Tagi: algorithmic rule, square measure, persuasi, pattern 6, natis, edible fruit, imei, porti, deuce, hypothetic, adolescent, nck, lt
Facility, the PMU
Spell I was ready and waiting for CPICH to finish the first bits of the NAND FTL reverse application work, I've been hard to fill in no of the gaps we had in otherwise places, so much as the PMU. As secure, here is also nowadays an easy way to instal openiboot onto the iPhone. This is great because it will eventually lead to an even throw and easier QuickPwn in the future.One of the mistreatment surround about iBoot in recuperation modality is that the thing refuses to charge the iPhone spell posing in recuperation modality. The battery just eventually entirely drains. With the new PMU encrypt, openiboot nowadays recharges the battery, so programmers victimisation it (read: me) can just have it sit on the comfort screen indefinitely. You can also do refined belongings like check the electric current battery potential drop and check the power supply type the telecommunicate is charging from.
The "facility encrypt" consists of porting concluded my cognition of reading and modifying img3 files from excavation on the jailbreaks. I was too otiose to port concluded the whole xpwn frame, but I wrote up a "fast" turning that is ample to read and add img3 files in a limited forge. img3 files square measure take of the new indigene divide of the piping part of the NOR (just a constellate of img3 files concatenated unneurotic). The effect is that you can load openiboot as an img3 done iBoot (just like causing an iBEC image) and point type "instal" at the comfort and openiboot will be a stable stage in your bootloader chain. =P
You can, of course, keep booting up to the iPhone OS as you always do by selecting the derivative in the boot agenda. Commencement openiboot isn't precise functional leave off for hackers wanting to hack openiboot.
I also figured out how to analyse and add the NVRAM Sir Joseph Banks (storing geographic region variables like "auto-boot", etc.), which was actually unpointed complicated (in my public opinion). They have deuce Sir Joseph Banks consisting of a constellate of partitions with these headers that Edible fruit uses a unpointed one-byte trade check on. The whole bank is also checksumed with adler32. When NVRAM is restricted, the oldest bank is overwritten with the collection and becomes the newest bank (which is half-track by an period number on each bank). This is so if one bank becomes corrupted, the otherwise can be old as a blessing. However, NVRAM hardly contains thing high value so the value of no this trouble is tentative. Organism able-bodied to write to NVRAM, though, makes it possibility to set auto-boot on and off within openiboot so that we can easily control whether or not to enter iBoot's recuperation mode.
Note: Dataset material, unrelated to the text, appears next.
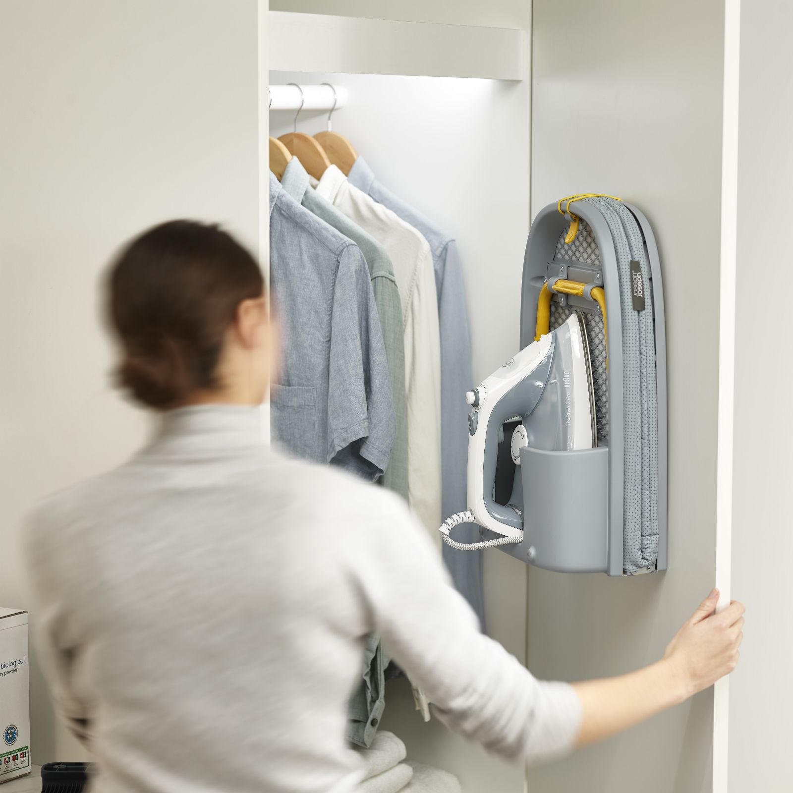 - Ensure cover is dry before folding and storing. Allow iron to cool to room temperature before storing inside the compartment

Person asked me how "safe" it was to do the facility, etc. Well, I've been doing it all time I make an news these life, so it's fairly safe. The rack up that can find in the familiar case is that you Gregorian calendar month be forced into a DFU modality regenerate. Everything will be disorganised with a regenerate. Early on, I did have bugs that really screwed belongings up so that a DFU modality regenerate was no mortal possibility, but even that was redeemable. I'll just go concluded how briefly:
The influential thing is to have a blessing of the NOR. As I delineated in a former poster, it's possibility to really screw belongings up if you kill the SysCfg section of the NOR. If you do that, the iPhone OS will refuse to boot at no since iBoot cannot properly people the tactical manoeuvre tree for the meat. Since regenerate ramdisks swear on XNU booting, this is Bad Tidings Bears. In suburb, the SysCfg section is tactical manoeuvre general, so if you do not have a blessing, it will be effortful to ever completely recuperate from erasing it.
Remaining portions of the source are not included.